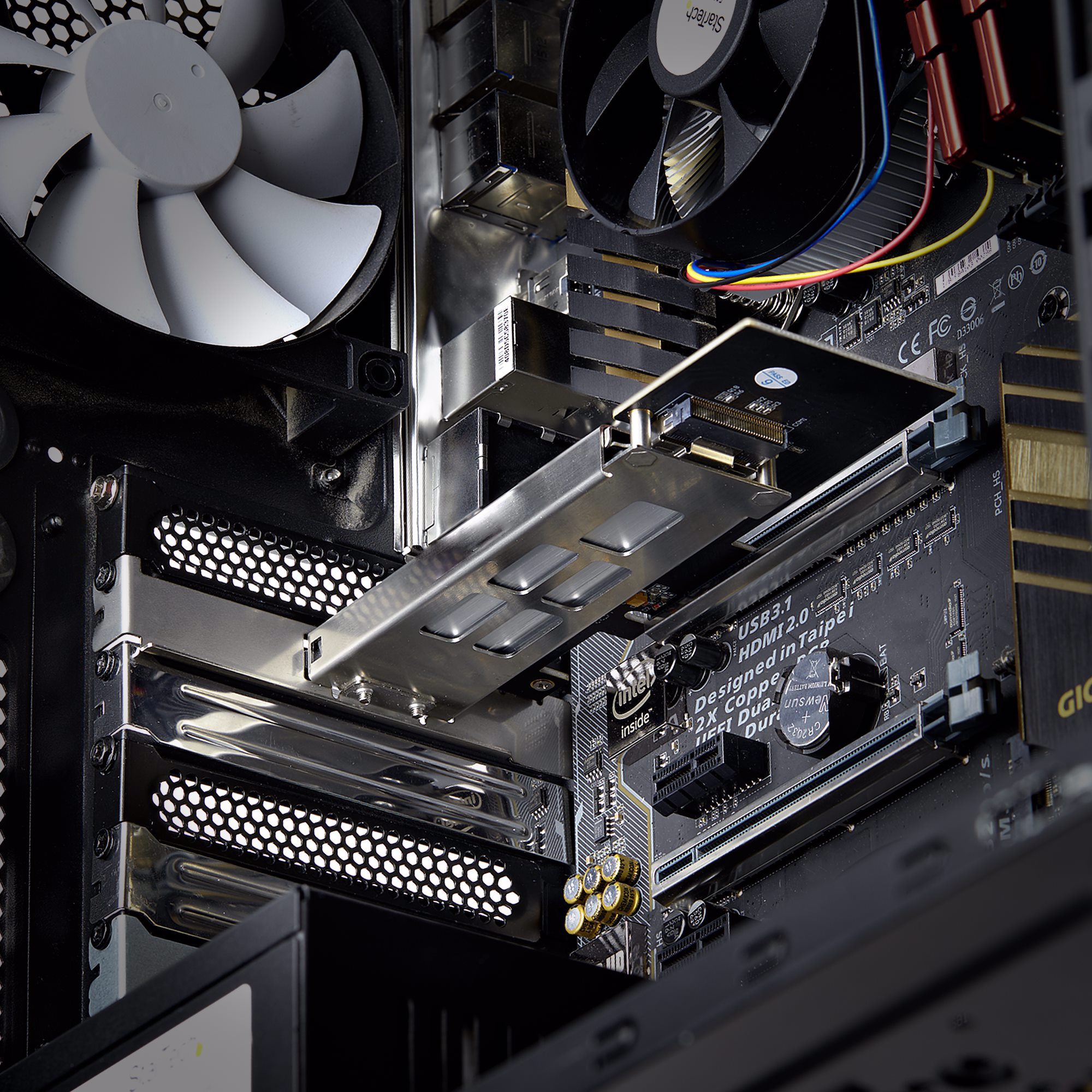 Install into a PCIe x 4 (and up) expansion slot to add a removable and lockable M.2 NVMe drive tray (drive not included)
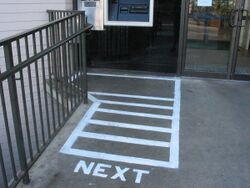 In an attempt to prevent criminals from shoulder surfing the customer's personal identification number (PIN), some banks draw privacy areas on the floor.
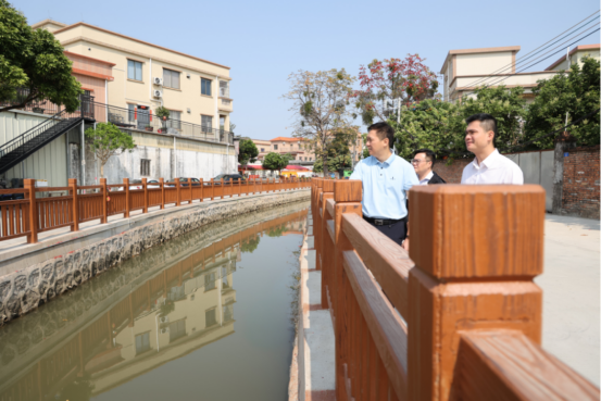 随后,一行人沿着忠安涌边走边看,实地研究河道两岸的绿化美化提升工作。李凯航指出,河道环境是城市形象的窗口,也是群众幸福生活的重要组成部分。要因地制宜、科学规划,选择适宜的绿植进行栽种,打造开窗见绿、水清岸绿的河道生态画卷,让美丽三角的成色更足、底色更亮,不断提升群众的获得感与幸福感。
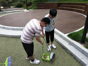 天气很火热,同志们义务劳动的热情也丝毫不减。男生带扫把和撮箕,女生带抹布与垃圾袋。大家互相配合,有的擦宣传栏,有的街道和广场上的落叶,有的清扫楼梯上的灰尘。大家都认真而仔细,虽然汗流浃背,但丝毫没有懈怠,而是坚持了下来。甚至有同志发现街道边停着的小电动轮子底下有一次性筷子的包装袋,都把小电动车抬起来,把底下因为前两天下雨积的泥巴和垃圾碎屑扫了出来。为有奉献精神和精益求精的党员同志们点赞!
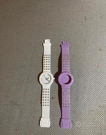 Orologio Hip Hop con due cinturini brillantinati, uni bianco e uno viola, in ottime condizioni. Utilizzato pochissime volte
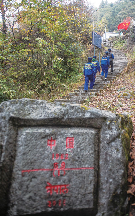 夏爾巴巡邊員們沿著中尼邊境巡邏時經過界碑(11月24日攝)。普布扎西、格桑邊覺、孫瑞博攝
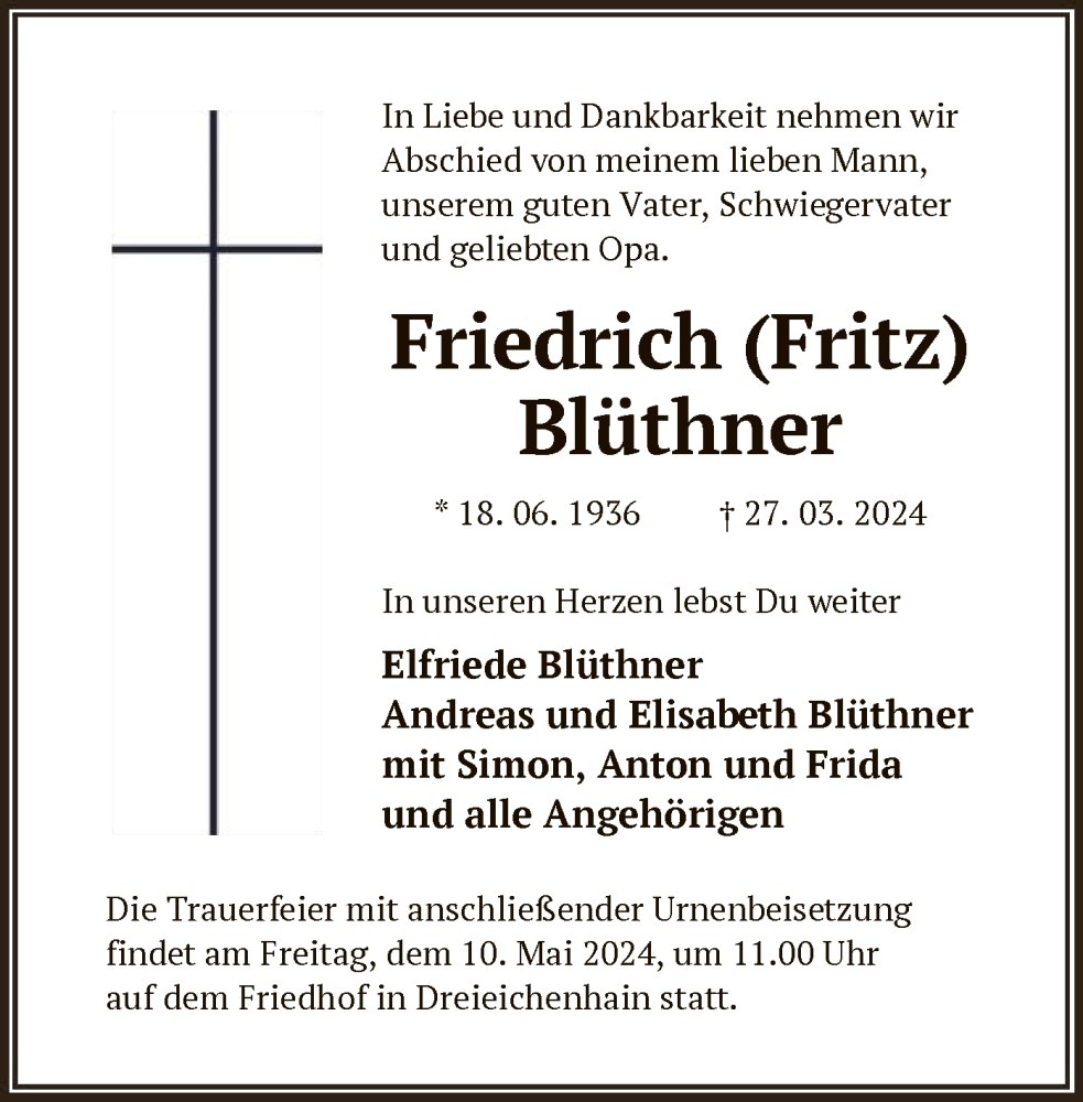 Hier finden Sie alle Traueranzeigen aus der Zeitung, die bisher für Friedrich Blüthner erschienen sind. Weitere Traueranzeigen, die in der Zeitung erscheinen, werden hier ebenfalls aufgelistet
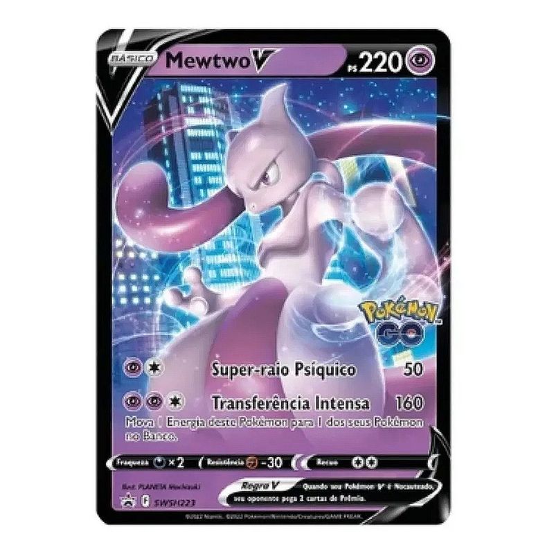 Mewtwo V ataca de forma grandiosa e, em seguida, fortalece seus outros Pokémon ao mover energia para o seu banco! Execute alguns ataques rápidos com Starmie e Cinccino, coloque mais energia em jogo com Indeedee e faça com que Hatterene troque seu Pokémon ativo para que você possa acertar um grande golpe com lunatone. Cartas de treinador úteis, com Módulo atrair e Incubadora de Ovo, tornam mais fácil encontrar o Pokémon que pode colocar você no caminho da vitória!
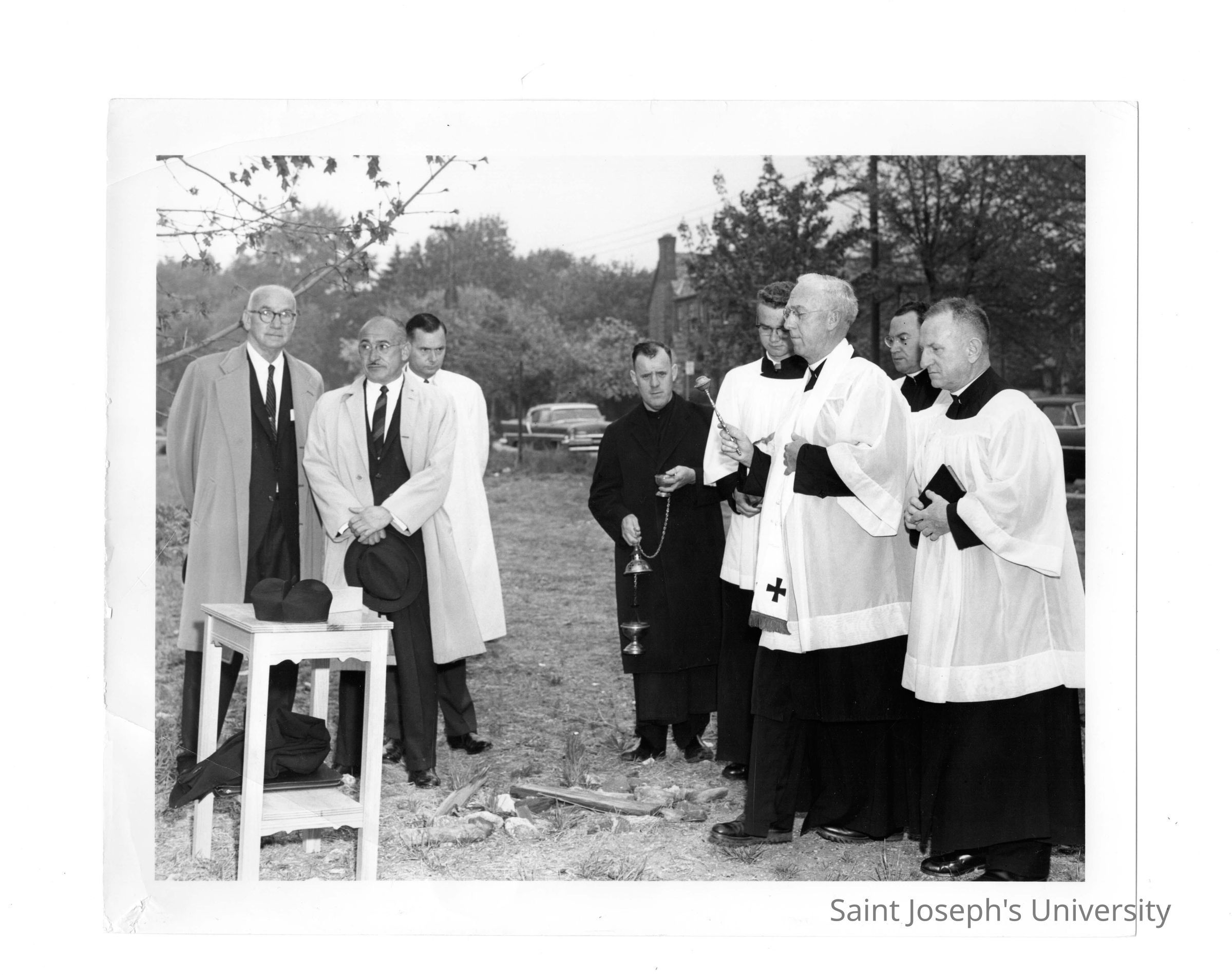 Villiger (later Post) Academy of Food Marketing groundbreaking with J. Joseph Bluett, S.J. and others.

++++++

_WHAT NEEDS TO BE DONE_. Working from the line that contains "天气很火热,同志们义务劳动的" to the last line of the listing, please quote each line exactly, pictures excluded.

_OUTPUT FOR THIS TASK_.
 天气很火热,同志们义务劳动的热情也丝毫不减。男生带扫把和撮箕,女生带抹布与垃圾袋。大家互相配合,有的擦宣传栏,有的街道和广场上的落叶,有的清扫楼梯上的灰尘。大家都认真而仔细,虽然汗流浃背,但丝毫没有懈怠,而是坚持了下来。甚至有同志发现街道边停着的小电动轮子底下有一次性筷子的包装袋,都把小电动车抬起来,把底下因为前两天下雨积的泥巴和垃圾碎屑扫了出来。为有奉献精神和精益求精的党员同志们点赞!
 Orologio Hip Hop con due cinturini brillantinati, uni bianco e uno viola, in ottime condizioni. Utilizzato pochissime volte
 夏爾巴巡邊員們沿著中尼邊境巡邏時經過界碑(11月24日攝)。普布扎西、格桑邊覺、孫瑞博攝
 Hier finden Sie alle Traueranzeigen aus der Zeitung, die bisher für Friedrich Blüthner erschienen sind. Weitere Traueranzeigen, die in der Zeitung erscheinen, werden hier ebenfalls aufgelistet
 Mewtwo V ataca de forma grandiosa e, em seguida, fortalece seus outros Pokémon ao mover energia para o seu banco! Execute alguns ataques rápidos com Starmie e Cinccino, coloque mais energia em jogo com Indeedee e faça com que Hatterene troque seu Pokémon ativo para que você possa acertar um grande golpe com lunatone. Cartas de treinador úteis, com Módulo atrair e Incubadora de Ovo, tornam mais fácil encontrar o Pokémon que pode colocar você no caminho da vitória!
 Villiger (later Post) Academy of Food Marketing groundbreaking with J. Joseph Bluett, S.J. and others.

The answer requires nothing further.